For At-Risk Academics, Yale Serves as Safe Haven

Through its Scholars at Risk program, Yale brings scholars from around the world facing dangerous conditions to New Haven so they can work freely.

Yale is expanding its Scholars at Risk program, which provides temporary professional appointments and a welcoming community on campus for academics, writers, artists, and activists who face persecution. These scholars come from countries where conflict or oppressive regimes prevent them from working safely.

Yale now hosts 14 scholars from eight countries across five schools. But bringing these scholars to campus can be challenging. Many face significant hurdles to leaving their countries of origin. Once here, they must adjust to new personal and professional trajectories.  
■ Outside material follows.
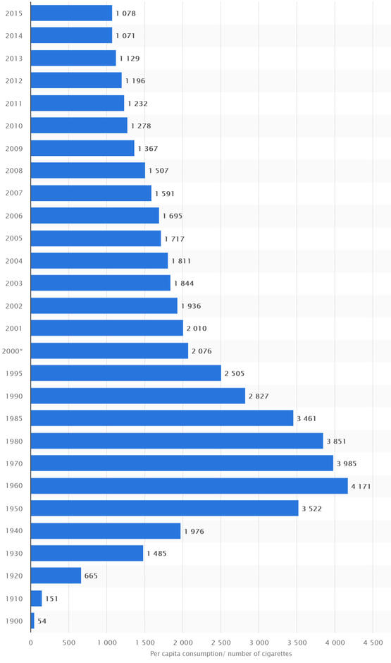 无论如何,经由半个多世纪的持续控烟,美国人均烟草消费量已降至2015年的1078支。相形之下,想想中国的控烟状况,可谓没有比较就没有伤害。在中国年轻人中,将近2/3的男性和8%的女性有吸烟的习惯。世界上每3支卷烟中就有1支被中国人消费,每天约有3000人因为吸烟致死[2]。在中国,控烟之路依然任重道远。(编辑:odette)

“Given the many global crises that are endangering scholars around the world, Yale will build on its existing efforts to provide a safe haven for imperiled researchers, artists, and thinkers,” says Yale President Peter Salovey ’86 PhD. “New investments will strengthen our ability to bring at-risk scholars to campus so that they can safely continue their work in a supportive environment. Their presence here enriches our intellectual community and reminds us of the importance of academic freedom and free expression.”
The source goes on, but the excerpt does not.